My intuition told me to follow their example. If I could stick with porn, if I could withstand the heat, I stood to make enormous gains. After all, our society needed someone like me, a guy willing to venture out into the muck in order to record careful, diligent notes about this quintessentially American subculture. We needed a courageous cultural anthropologist—someone unafraid to don the loser’s mask, to enact the total douche bag, so as to ingratiate himself into this gaggle of pimps and whores and crooks and retards, in the process educating the populace at large.

J could be that douche.

Hunger remained the only truly egregious thorn in my side. Santa Cruz had attuned my palate to biodynamic produce and nitrate-free meats, but those days were long gone. More often than not, lunch was a sixty-nine-cent can of Goya kidney beans, washed down with a cloudy glass of tap water.
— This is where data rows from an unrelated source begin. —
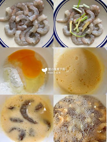虾仁,料酒,盐,葱姜,淀粉,鸡蛋,白胡椒粉,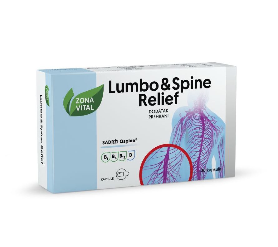 Zona Vital Lumbo & Spine Relief dodatak prehrani s Qspine® (sadrži citidin, uridin, vitamin B6, B12, D i tiamin/B1) i cinkom.
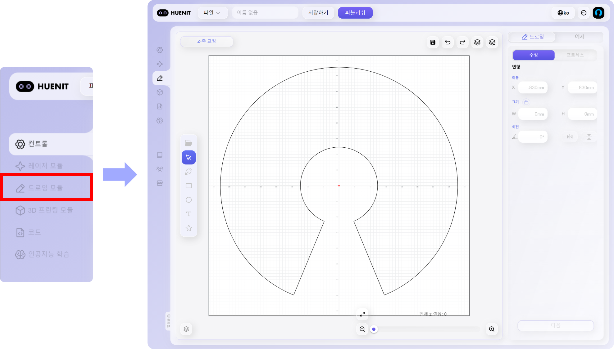 1. [**펜 높이 설정(Z축 교정)**](https://huenit.gitbook.io/huenit-edu/huenit/huenit-lab/3./3.1-z) - 펜이 작업 표면에 정확히 닿도록 Z 높이를 조정합니다.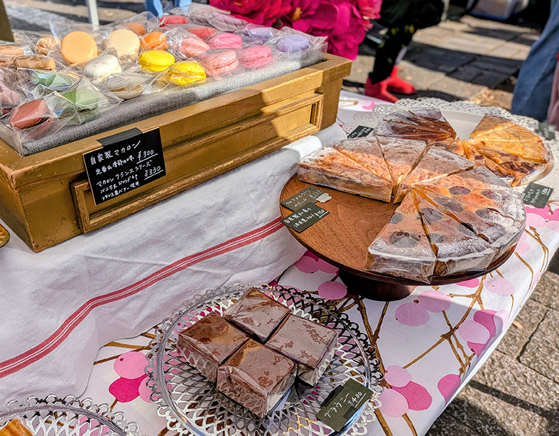 りんごのタルトとチーズケーキ、かわいいマカロンを購入しました。幸せ。

Still, I survived. Maybe fried beans weren’t the most delicious meal you ever heard of, but doused in hot sauce, salted to hell, and served with a side of raw banana, they became something unusual, almost memorable. Secretly, I kind of relished my pennilessness.

Not that being broke wasn’t without its disadvantages. One day, out of nowhere, my Volvo stopped working. Just wouldn’t start. I couldn’t afford to get it to a mechanic, so, drawing upon my severely limited automotive knowledge base, I figured it was the U-joint acting up; either that, or the transmission pipe needed fluid. I couldn’t decide. In either case, the dilemma was academic, because I didn’t have the money to fix so much as a burned-out taillight. I abandoned my car on a corner of Heliotrope Avenue, and took up Bob’s purple Schwinn.